The commissioning of Building Tomorrow’s 15th primary-level academy started just like any other. Dignitaries offered welcomes as future students organized themselves and kicked things off with a medley of traditional Buganda songs. The line-up of speakers barely fit on one page, the January sun made its presence felt and a feast for the masses was prepared by a legion of women who not only fed hundreds, but even found time to offer a dance themselves. Par for the course.
Time came for Muganga, the Chairman of Mabaale’s building committee, to speak. Before construction begins, Building Tomorrow organizes a building committee to assist with the mobilization of community labor, involvement and resources to bring each school to this day of celebration.
“You have saved our children from studying under a tree, and we cannot extend enough thanks for the good work that has been done here,” the Chairman began.
“Thank you to the community members who have entrusted me with this position and for all the members who have worked so hard to build this magnificent place. School for our children has long been held on land of the Church of Uganda, on the community’s behalf, so they would have the shade of a tree. So you can see that it was humbling, as a Muslim, to be entrusted to lead this endeavor and it is joyous that people of all faiths have come together to prove how much more we can achieve when we work together.”

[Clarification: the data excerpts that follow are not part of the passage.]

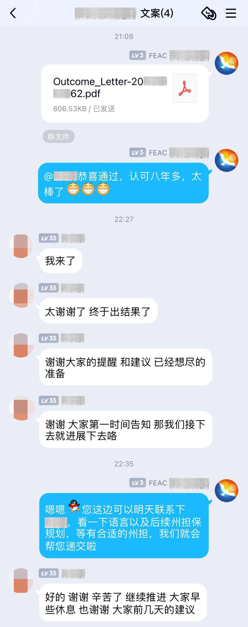 在準(zhǔn)備材料過程中,飛克文案以工作材料為重心,為客戶精心撰寫推薦信,以符合VET的要求且與首次評(píng)估材料不產(chǎn)生矛盾。同時(shí)二次評(píng)估電調(diào)風(fēng)險(xiǎn)較大,遞交后飛克文案又為客戶及其推薦人做了充分的模擬電調(diào)。在客戶的高度協(xié)助和配合下,最終無電調(diào)審理順利通過職評(píng),并拿到了8.67年的加分年限,可為客戶加滿工作經(jīng)驗(yàn)分15分。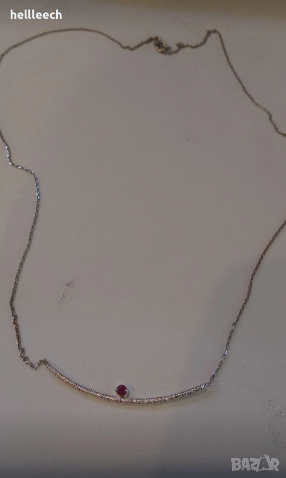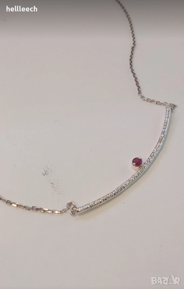 Колието е изработено от сребро проба 925. Дължината му е 52см. Камъкът е естествен рубин 2мм.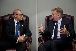 El Viceministro de Relaciones Exteriores de Ecuador, Markas Albucha Martínez, en una reunión con el ministro de Relaciones Exteriores de Lituania, Audronis Ažubalis, en 2012. 24 de septiembre en Nueva York.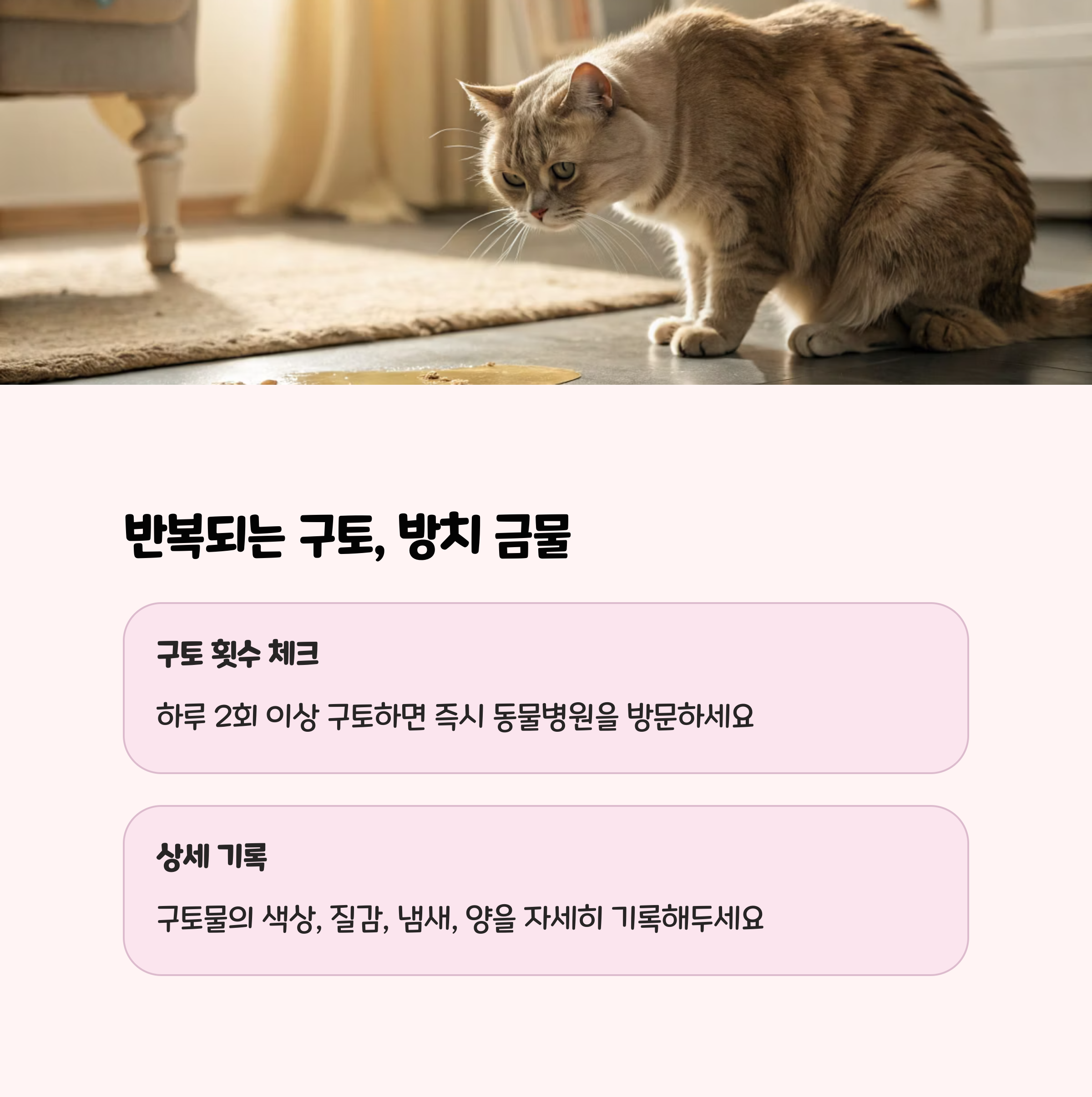응급진료가 가능한 병원의 위치와 연락처를 미리 메모해 두고, 평소 고양이의 식사, 배변, 행동 패턴을 꼼꼼히 기록해 두면 응급 상황 시 큰 도움이 됩니다.

Five days later, as an energetic throng of children taught a small group of Building Tomorrow volunteers how to play the Ugandan version of Duck, Duck, Goose, more than a hundred adults packed the future P3 classroom. Joseph Kaliisa, Building Tomorrow’s Country Director, decided to hold a marathon parent’s meeting and my occasional peeks into the classroom tipped my curiosity. Mothers made impassioned speeches, fathers raised their hands and Joseph’s grin grew wider by the comment.
At its conclusion, I peered through the window and asked Joseph if the meeting was productive. Without answering, he turned away and asked the crowd, in the local language, to raise their hands if they’d made a commitment-anything from food to labor-in support of the new school in which they were gathered.
Every hand shot up.
Later that afternoon as our small team of visitors rode away, Joseph shared with us how the community couldn’t be more eager for class to begin. Grandmothers pledged to help make lunch, mothers talked of sewing uniforms and fathers of landscaping the school’s grounds before each term. There was a palpable variety of excitement in the air-the kind that lends credence to a tagline now prominent on our Website: “we’re not just building schools anymore.”
Truth be told, we’ve never just built schools. No, we’ve been lighting tiny sparks that spur the transformation of a community and it’s reality of what is possible for itself and the next generation. That’s exactly what happened at Mabaale just days ago, and that’s what Building Tomorrow will continue to do in 2014 and beyond.